My nano tank has been set-up for about 6-7 weeks now and since last week algae has started to grow, I gave it a clean out yesterday and as you can see by the pictures it has grown by back very quickly. 

Tank is 28 litres
2x11W Arc pods
Dosing 6ml Potassium Nitrate 3x week
3.5ml Potassium Phospahate 3x week
1ml Tropica PN+ 3x Week
50% water change per week
C02 dropchecker showing green

Any ideas of what it is? And more importantly how to get rid of it!






Thanks
Tom


----------



## JamesC (7 Oct 2008)

Rhizoclonium. Take a look at http://www.theplantedtank.co.uk/algae.htm for starters. 

James


----------



## lowee (14 Oct 2008)

Thanks for that James, but after following your guides im still having troubles with it. Im doing 3 water changes a week, increased CO2 and Ferts but still it grows. Im also finding it very hard to remove! I know it says excel, but this stuff is everywhere, so it would need a v.high dose. Any other ideas?

Thanks
Tom


----------



## lowee (19 Oct 2008)

Still having problems with this, anyone have any idea what might be causing it?

Thanks
Tom


----------



## ceg4048 (19 Oct 2008)

Hi,
     As listed on James's site Rizo is nutrient and CO2 related. The first step would be to lower the lighting level to give yourself half a chance. Shut down one of the lamps. Secondly, CO2 or flow must be increased. You have not stated whether your CO2 is 24/7 or on a timer. If on a timer ensure that the gas goes on at least an hour before the lights come on. Also, it is not clear exactly how much you are dosing. For example, "6ml of Potassium Nitrate" is meaningless unless you describe exactly how you prepared your solution, i.e how many teaspoons or grams mixed with how much water? It may be that you simply need to double or triple your dosage but without knowing how much is being fed it's impossible to troubleshoot.

Cheers,


----------



## lowee (19 Oct 2008)

Okay will get on the lighting tomorow. At current I have just had the CO2 coming on at the same time as the lights, but will set that to come on an hour earlier.
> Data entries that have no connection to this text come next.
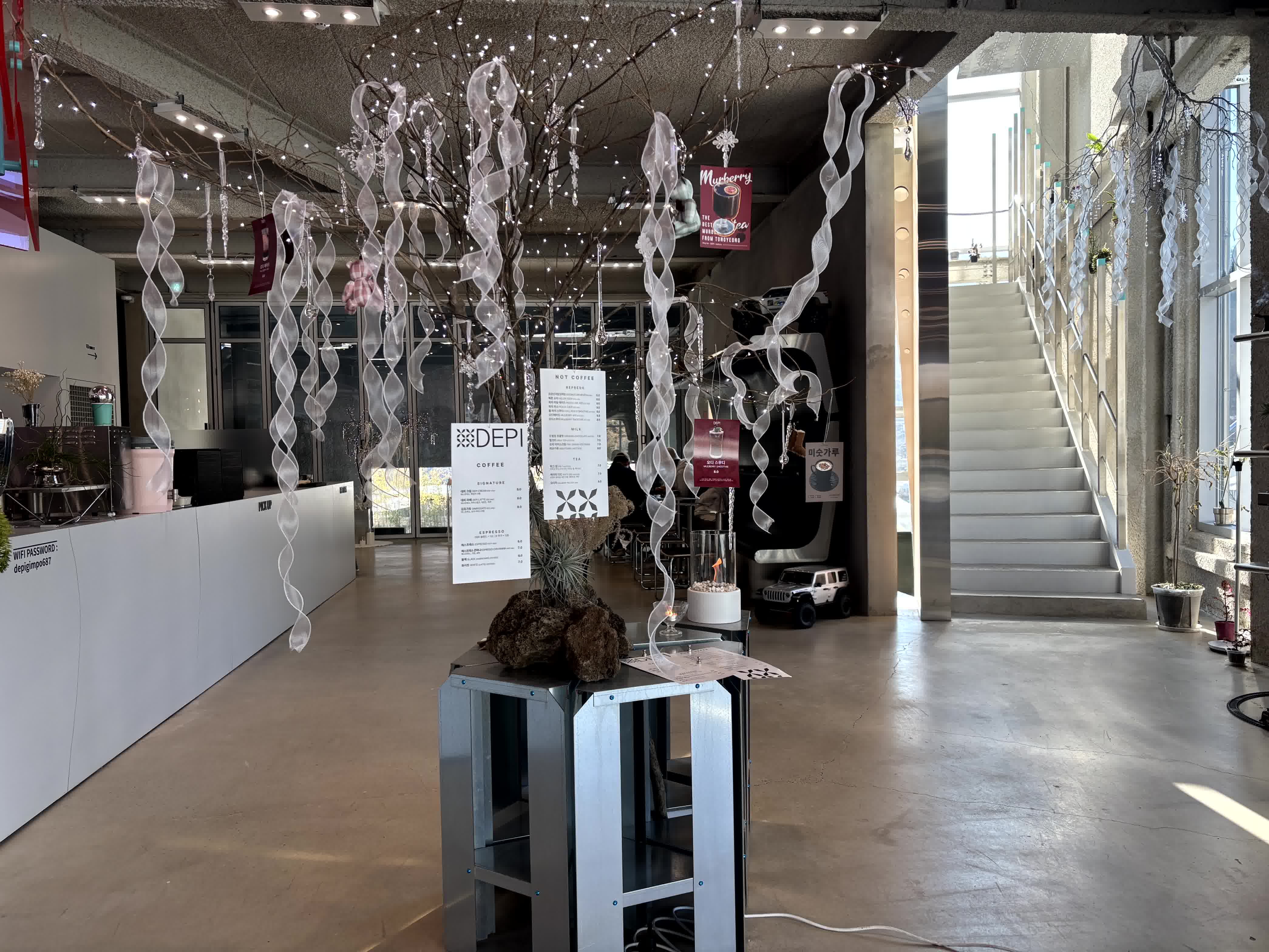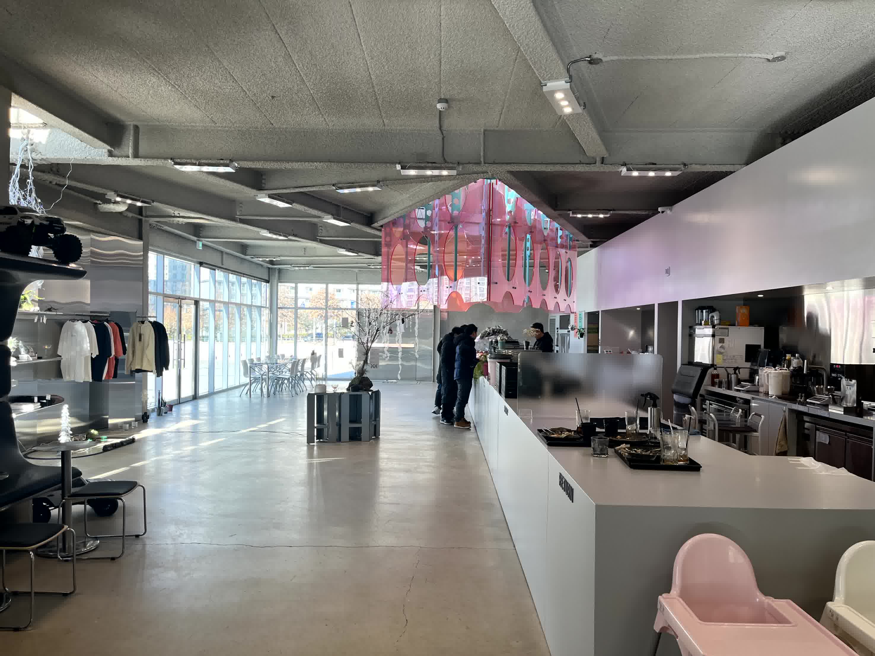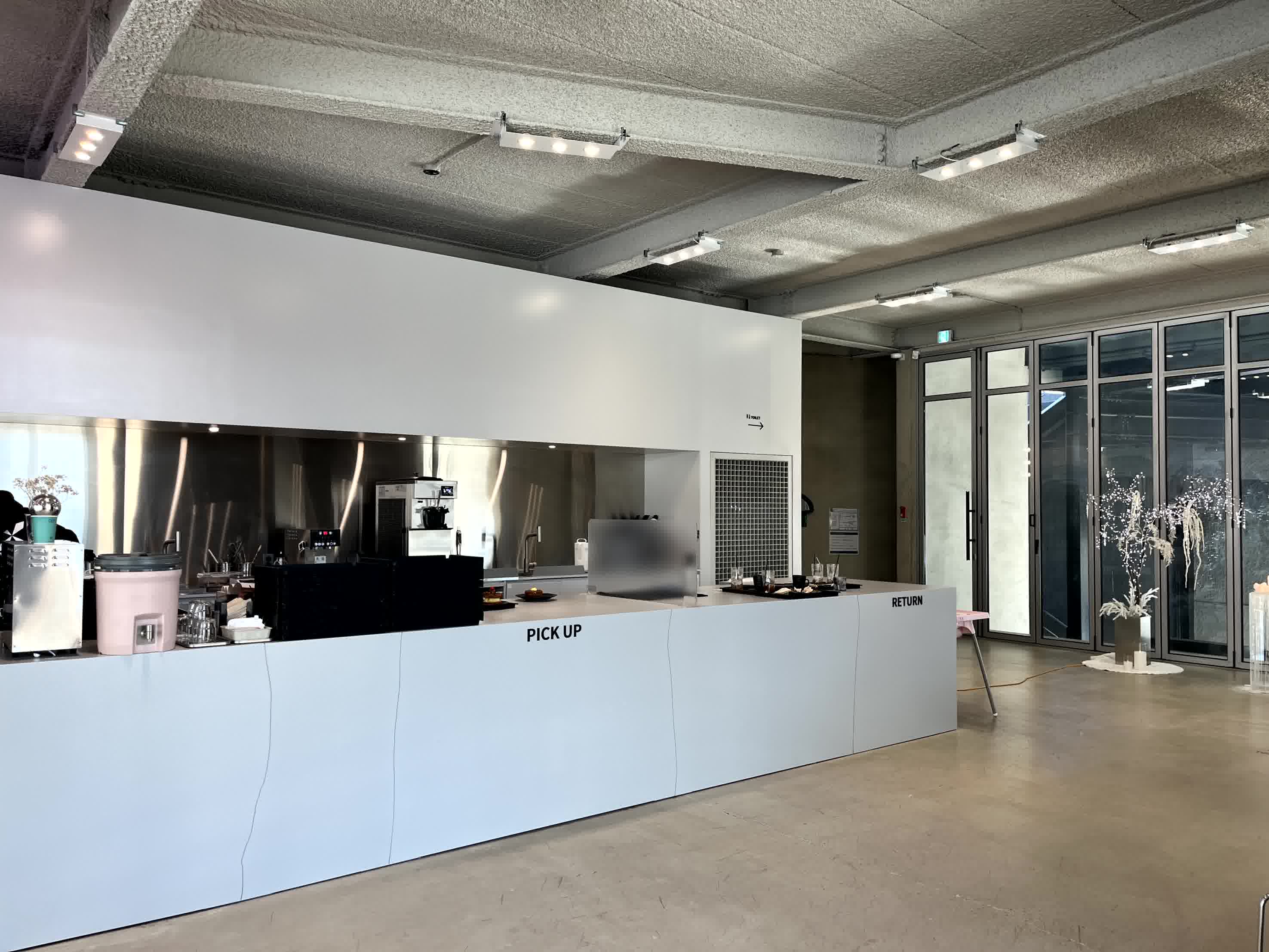 뿜칠을 노출하는건 뭐 요즘 카페들의 천편일률적인 인테리어로 보이지만, 조명을 대피의 로고처럼 만들었다는 점이 이 매장의 시그니처가 아닐까 싶습니다.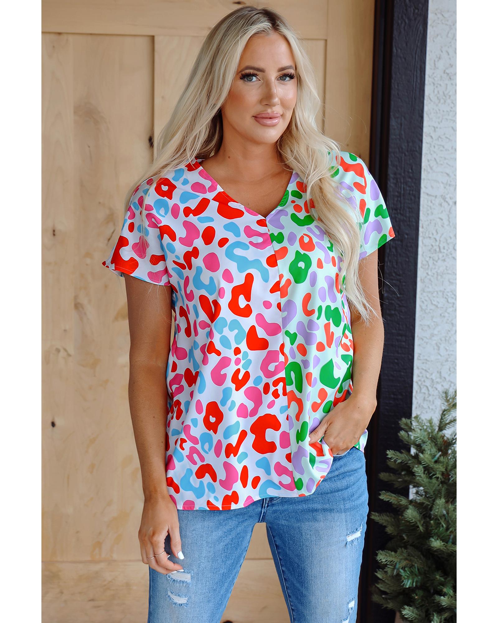 This stylish blouse features a bold leopard print design combined with a flattering V-neck cut, making it a fashionable choice for warm weather. Crafted from sleek fabric, it offers comfort and a trendy look suitable for summer days.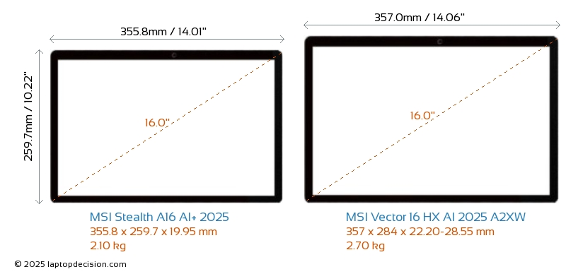 USBLes deux Stealth A16 AI+ 2025 et Vector 16 HX AI 2025 A2XW disposent de 2x USB 3.2 ports USB-A.Les deux Stealth A16 AI+ 2025 et Vector 16 HX AI 2025 A2XW disposent de ports USB Type-C. Stealth A16 AI+ 2025 dispose de 1x USB 4.0 ports USB Type-C, tandis que Vector 16 HX AI 2025 A2XW en dispose de 2x USB 4.0.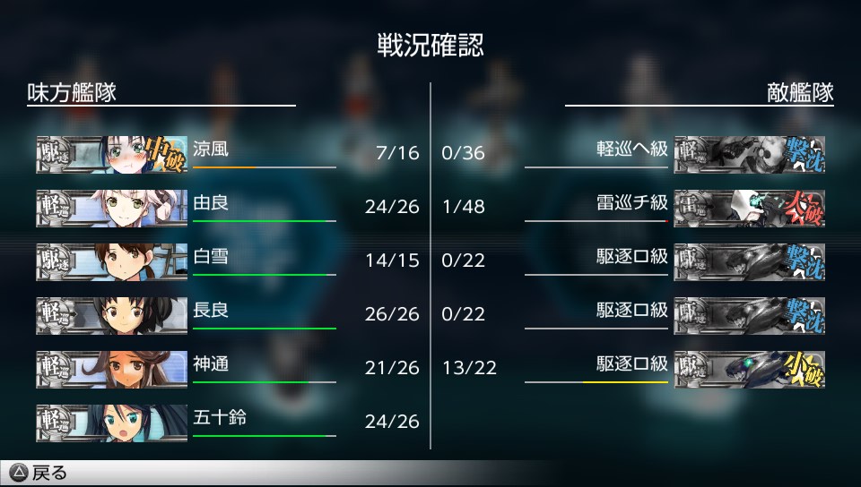 まずそこまで行く前に初戦の開幕雷撃1発で大破撤退というケースもあるわけなので、出撃してボスにS勝利できる確率は6割程度でしょうか
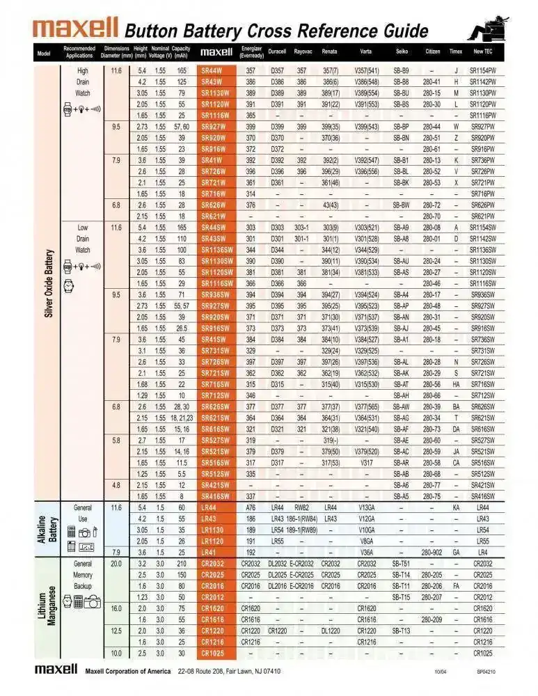 Para los que tenemos relojes de cuarzo, he dado con esta tabla que me parece utilísima a la hora de lidiar con los tipos de pilas de distintas marcas, numeraciones, códigos y demás, incluso con información interesante como la cantidad de carga en miliamperios/hora que tiene cada una de estas baterías. Llevo poco tiempo aquí y quizá ya haya circulado por el foro, en cuyo caso, mis disculpas. En caso contrario, pues eso, que me parece perfecta para consultar y aquí la dejo. Saludos!

This is the guide I used to make my EI solutions:
Potassium Nitrate - 40g to 500ml of water and adding 10ml per 100L of water would give you a value of 5ppm. 
Potassium Phosphate - 15g to 500ml of water and adding 5ml per 100L of water would give you a value of 1ppm

Im also now also only dosing Tropica PN


Cheers
Tom


----------



## lowee (2 Nov 2008)

Just come back from a week on holiday to find the tank totally over run with this stuff! Spent a good hour cleaing today, but I still dont know how to stop it growing! Anyone?

Thanks


----------



## rudedog (16 Nov 2008)

Have you tried using Excel? You don't need to go crazy with the dosage even if you have a bad infestation - it will just take longer to clear if you use smaller dosages.

Also, do you use a specific reference solution for your CO2 checker or just tap water?


----------